= The Tenth Dimension =

Israeli magazine

The Tenth Dimension (Ha'meimad Ha'asiri) was a magazine published in Israel as the official magazine of the Israeli Society for Science Fiction and Fantasy. The magazine was first published in 1996. Since its second issue, the magazine has had color covers, all covers painted by Avi Katz. It ceased publication in 2008, and was replaced by Once Upon a Future, an annual anthology.

The magazine published a mixture of fiction and non-fiction. From issue #9, the emphasis has been on translated short fiction. From issue #15, the magazine has had an arrangement with The Magazine of Fantasy and Science Fiction allowing it to publish stories originally published in that magazine. Issue #4 included the first publication of a Hebrew filk.
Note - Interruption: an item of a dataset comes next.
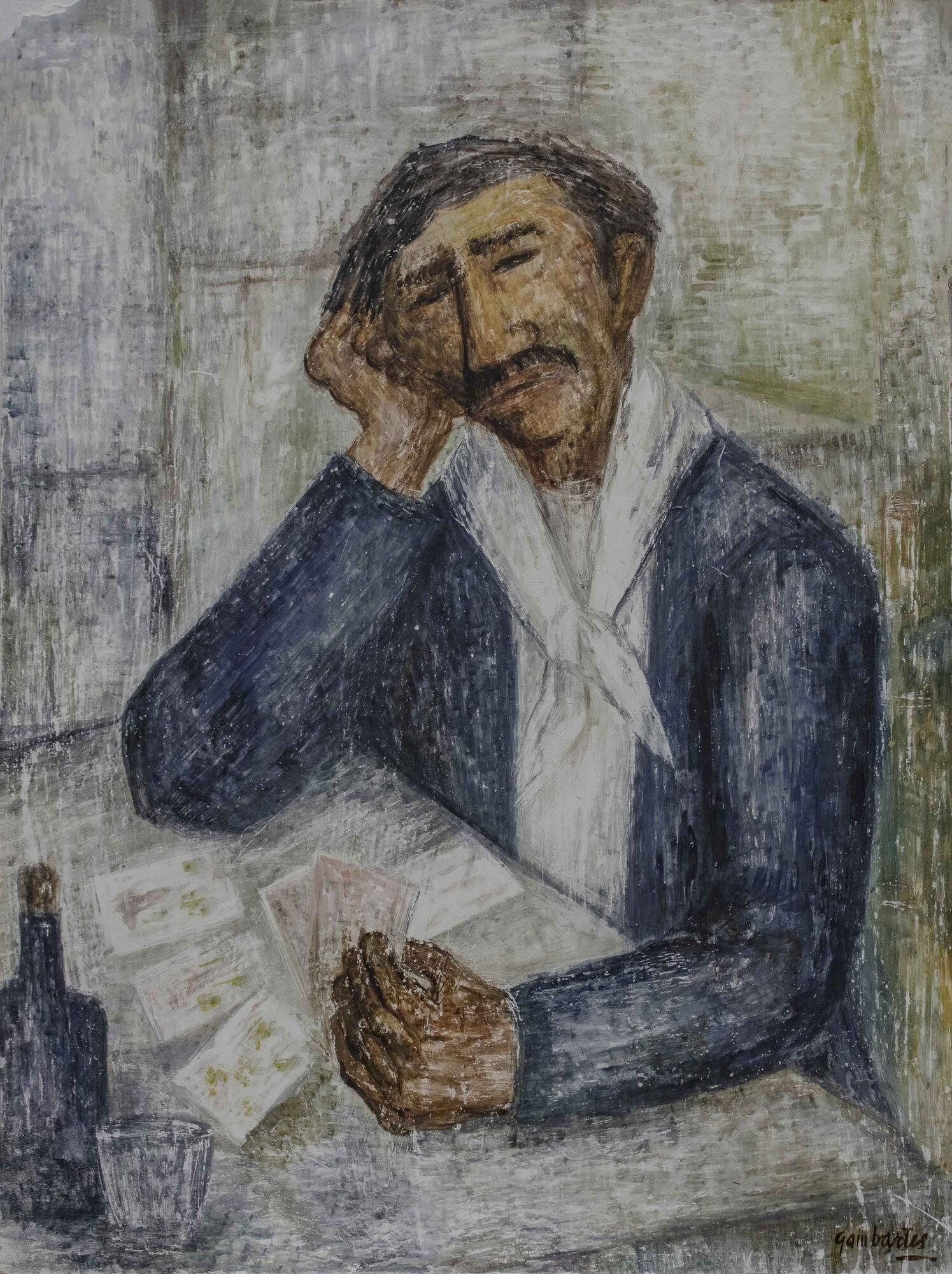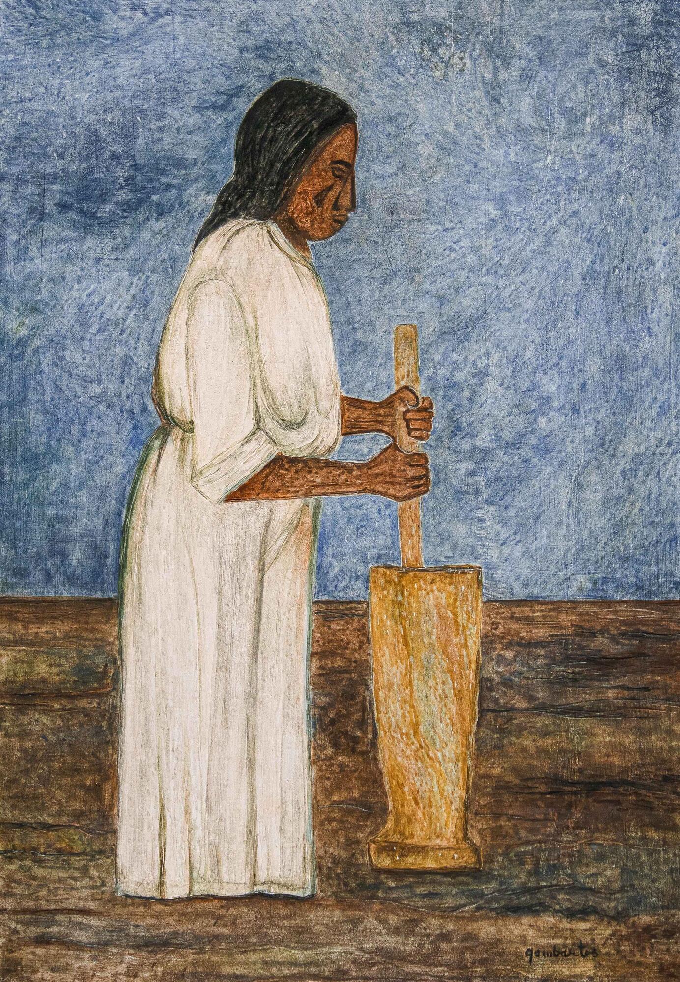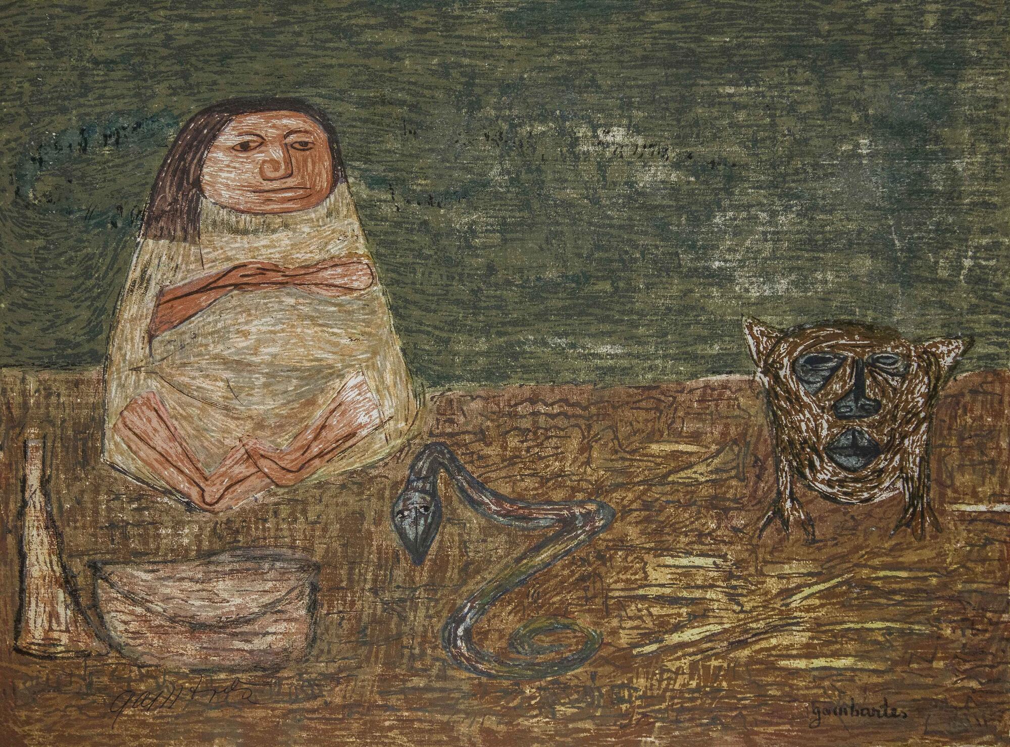 His production during this last stage can be divided by themes into two series: Mito, magia y misterio (“Myth, magic and mystery”) and Figuras y paisajes (“Figures and landscapes”), with the works exhibited here belonging to the latter series. They depict scenes from the daily lives of people living in the periphery, mainly indigenous women working the land, as well as motherhood. His figures are shown hieratically, either standing, sitting or squatting, with a use of colour that ranges between sombre and warm. Despite the mundane nature of these scenes, Gambartes always subtly included the magical world that was typical of the communities represented. From his last stage, we could highlight his experimentation with plasticity, material and language, inventing the pictorial technique cromo al yeso (“plaster chrome”). His direct influences include Antonio Berni, David Alfaro Siqueiros, Joaquín Torres García himself and Paul Klee.

The Tenth Dimension has published some of the biggest names in science fiction and fantasy, including Neil Gaiman, Ray Bradbury, Joe Haldeman, Philip K. Dick, Orson Scott Card, Ursula K. Le Guin, Brian Aldiss and many others.

Amongst the Israeli writers published in the magazine are Vered Tochterman, Nir Yaniv, Lavie Tidhar, and Etgar Keret. Notable non-fiction work has been included in the magazine from other writers, including Emmanuel Lotem, Aharon Hauptman, and Abigail Nussbaum.

The magazine was distributed free to members of the Israeli Society for Science Fiction and Fantasy and was for sale at conventions.